I have been playing golf for twenty years and often get assigned to play with strangers at my usual course, Lincoln Park in Grand Junction, Colorado. In that time, I have come to realize that the random draw of a foursome is God’s way of punishing us for skipping church. You will never just meet “guys.” You will meet specific archetypes of human dysfunction, all of whom are playing with clubs that cost more than my first car.
If you are trying to identify who you are in your group, don’t bother. If you don’t recognize any of these people, it’s because you are one of them.
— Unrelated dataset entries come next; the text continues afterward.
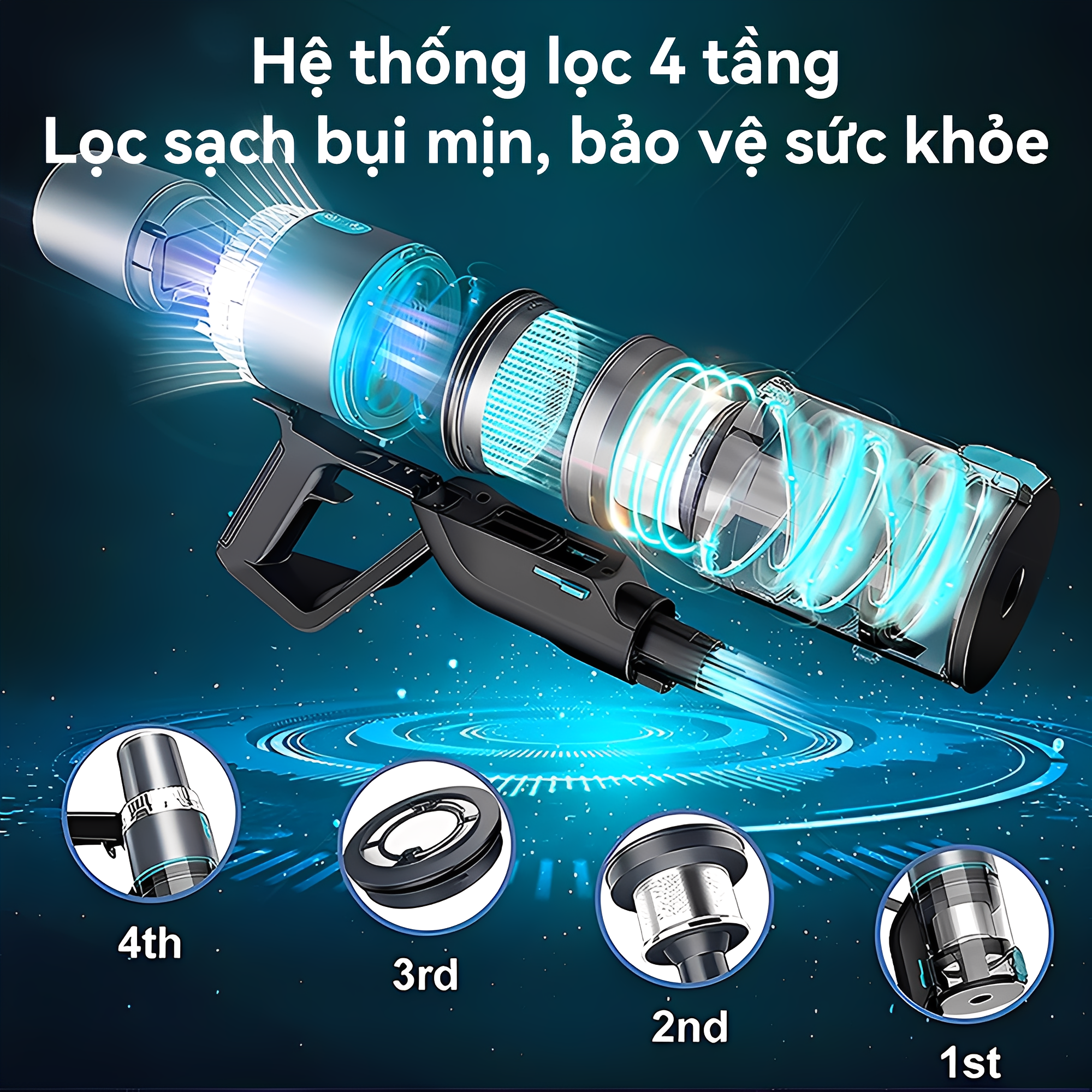 Bộ lọc: HEPA + Lưới thép không gỉ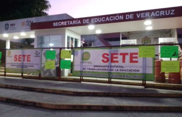 Xalapa, Ver.- Maestros agremiados al Sindicato Estatal de Trabajadores de la Educación (SETE) se plantaron esta madrugada frente a instalaciones de la Secretaría de Educación de Veracruz; los docentes han bloqueado todas las entradas, colocando lonas; piden el retorno de las Escuelas de tiempo completo así como mejoras salariales.
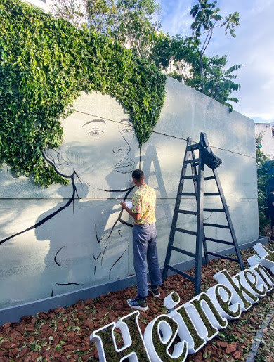 Um grafite work in progress, assinado pelo coletivo 8 ou 80, interage com o ambiente urban jungle proposto pela Heineken®.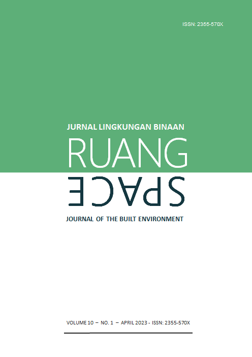 Vol 10 No 1 (2023)RUANG: Jurnal Lingkungan Binaan (SPACE: Journal of the Built Environment) [E-ISSN 2355-570X | P-ISSN 2355-5718 | DOI 10.24843] is a refereed journal that addresses the built environment. It includes publications pertaining to topics on development and planning; human settlements; conservation of the built environment; urban design; and the ethnic built environment. It publishes articles documented as a result of research activities, the development of new theories, the study of existing theories, or the implementation of certain conceptual systems. The Journal is published twice a year, in April and October, by Udayana University.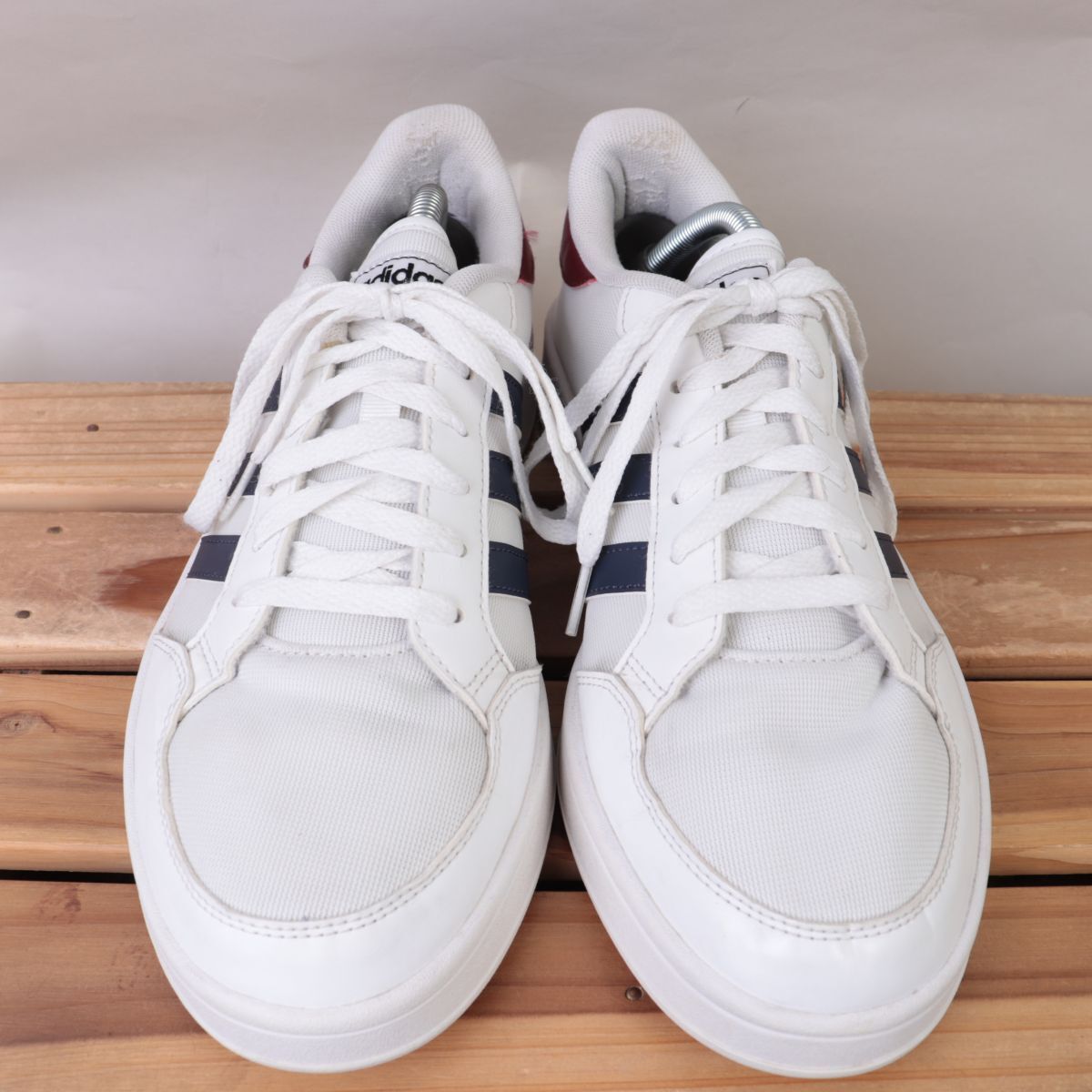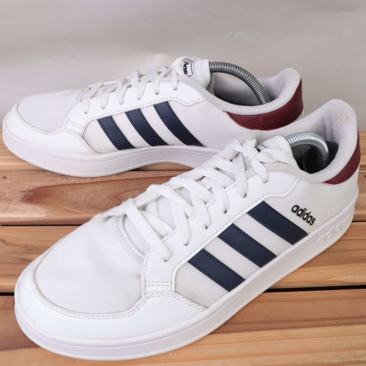 z1274 アディダス ネオ ブレイクネット US9 1/2 27.5cm/白 ホワイト ネイビー ワイン adidas neo Breaknet メンズ スニーカー 中古

1. The Unsolicited Swing Coach
This man usually shoots a 108, yet he possesses the confidence of Tiger Woods in 2000. He cannot help himself. He watches you slice a drive into the next county—an event you are already painfully aware of—and waits exactly three seconds before saying, “You know what you did there? You lifted your head.”
Thank you, Phil Jackson. I thought maybe I had been possessed by a demon or perhaps a sudden gust of gravity had targeted my ball specifically. But no, it was my head.
The Swing Coach has watched four YouTube videos on “shallow mechanics” and now feels qualified to reconstruct your entire kinetic chain on the 4th tee box. He uses words like “pronation” and “lag” while he is currently lying four in a sand trap.
2. The Creative Accountant
I have a buddy—let’s call him “Todd” because that is his name—who is a marvel of mathematics. I watch Todd hit his drive into the water. I watch him drop a ball. I watch him shank that ball into a tree. I watch him chip onto the green and two-putt.
By my count, that is a double bogey. Maybe a triple if we’re being strict about the drop. Todd walks back to the cart, writes on the scorecard with the seriousness of a tax auditor, and says, “Put me down for a bogey.”

How? How did we get there? Did we enter a wormhole on the fairway? The Creative Accountant treats the scorecard like a negotiation. He believes that if nobody saw the ball hit the water, the water doesn’t exist. I never say anything, because it’s not my business. I just make sure never to play a money game with him, and avoid an overly obvious eye roll when he tell me his final score. (It’s very hard to do.)
3. The Rage Monster
This guy is the reason people drink on the course. He is usually a decent player, which makes it worse. He expects perfection. When he misses a 12-foot putt that would have been a tough make for a pro, he reacts as if he has just been told his dog died.
He screams. He slams the club head into the turf. He throws the ball into the lake. He mutters things that would make a sailor blush followed by: “You idiot! You absolute moron!” he yells at himself. He says what I think about him.
It is incredibly uncomfortable. I am just here to avoid mowing my lawn. I am here to enjoy a mild breeze and a lukewarm domestic beer. I am not here to witness a mid-life crisis unfold in real-time over a pitching wedge. When the Rage Monster explodes, the rest of us just look at our shoes and drive the cart very, very slowly.
4. The Guy Who Is Just Happy To Be Not-At-Work (Me)
This is the only noble category. We don’t care about the score. We care about the beverage cart girl’s schedule. We care about whether the hot dog at the turn is fresh. We are happy to look for your ball in the woods because it gives us a chance to urinate behind a tree in peace.
We are the glue holding the foursome together. We nod at the Swing Coach, we ignore the Accountant’s math, and we try not to make eye contact with the Rage Monster. We are just trying to survive eighteen holes so we can get to the clubhouse and lie to our wives about how long the round took.